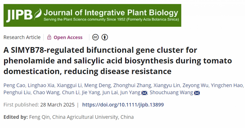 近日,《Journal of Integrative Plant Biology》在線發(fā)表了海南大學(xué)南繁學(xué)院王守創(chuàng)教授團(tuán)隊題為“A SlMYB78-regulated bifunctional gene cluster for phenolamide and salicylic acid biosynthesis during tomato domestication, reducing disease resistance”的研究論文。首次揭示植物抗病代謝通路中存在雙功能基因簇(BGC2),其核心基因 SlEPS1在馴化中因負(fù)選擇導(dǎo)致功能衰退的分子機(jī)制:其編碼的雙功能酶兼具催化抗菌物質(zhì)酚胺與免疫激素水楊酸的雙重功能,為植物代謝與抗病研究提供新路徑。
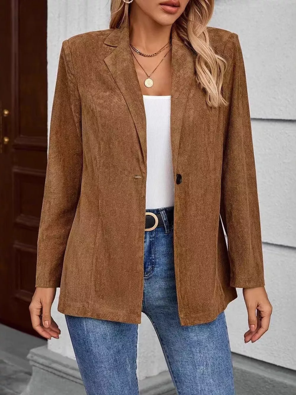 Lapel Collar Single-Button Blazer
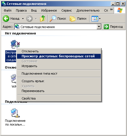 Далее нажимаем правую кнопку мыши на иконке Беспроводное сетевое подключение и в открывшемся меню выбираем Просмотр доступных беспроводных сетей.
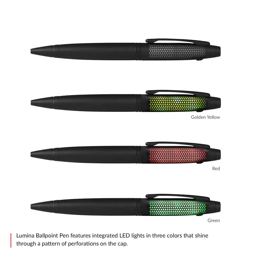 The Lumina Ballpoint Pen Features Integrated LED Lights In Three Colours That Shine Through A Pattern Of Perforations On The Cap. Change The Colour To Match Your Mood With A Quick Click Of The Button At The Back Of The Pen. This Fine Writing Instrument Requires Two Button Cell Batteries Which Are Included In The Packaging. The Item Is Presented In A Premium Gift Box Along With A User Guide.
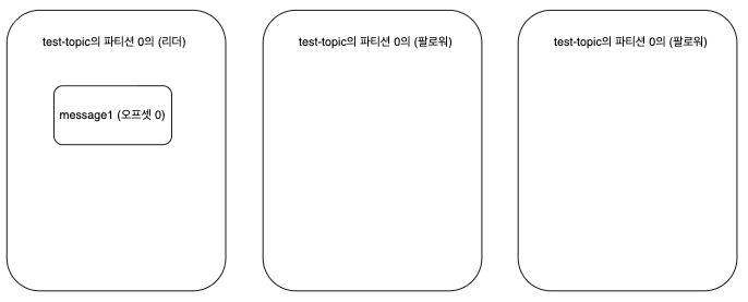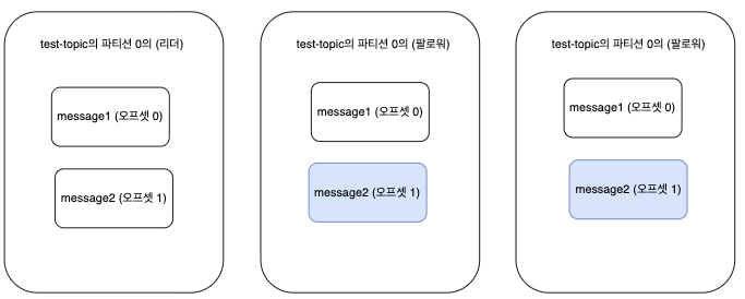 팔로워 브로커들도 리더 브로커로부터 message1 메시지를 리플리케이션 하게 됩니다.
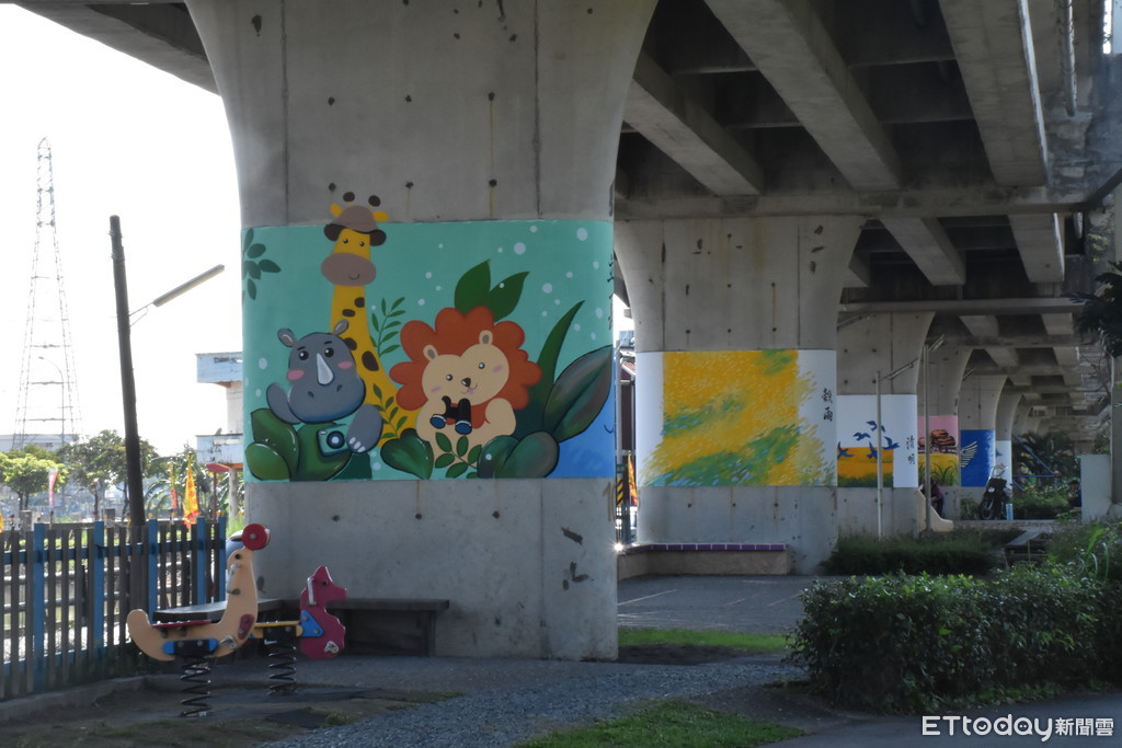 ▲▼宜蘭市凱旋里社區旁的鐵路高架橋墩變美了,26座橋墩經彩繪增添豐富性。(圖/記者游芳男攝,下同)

> [About this exercise] Repeat, line for line and exactly, the material from its first line through the line that contains "Далее нажимаем правую", both ends included; no pictures belong in the copy.

> [Answer to this problem]
 近日,《Journal of Integrative Plant Biology》在線發(fā)表了海南大學(xué)南繁學(xué)院王守創(chuàng)教授團(tuán)隊題為“A SlMYB78-regulated bifunctional gene cluster for phenolamide and salicylic acid biosynthesis during tomato domestication, reducing disease resistance”的研究論文。首次揭示植物抗病代謝通路中存在雙功能基因簇(BGC2),其核心基因 SlEPS1在馴化中因負(fù)選擇導(dǎo)致功能衰退的分子機(jī)制:其編碼的雙功能酶兼具催化抗菌物質(zhì)酚胺與免疫激素水楊酸的雙重功能,為植物代謝與抗病研究提供新路徑。
 Lapel Collar Single-Button Blazer
 Далее нажимаем правую кнопку мыши на иконке Беспроводное сетевое подключение и в открывшемся меню выбираем Просмотр доступных беспроводных сетей.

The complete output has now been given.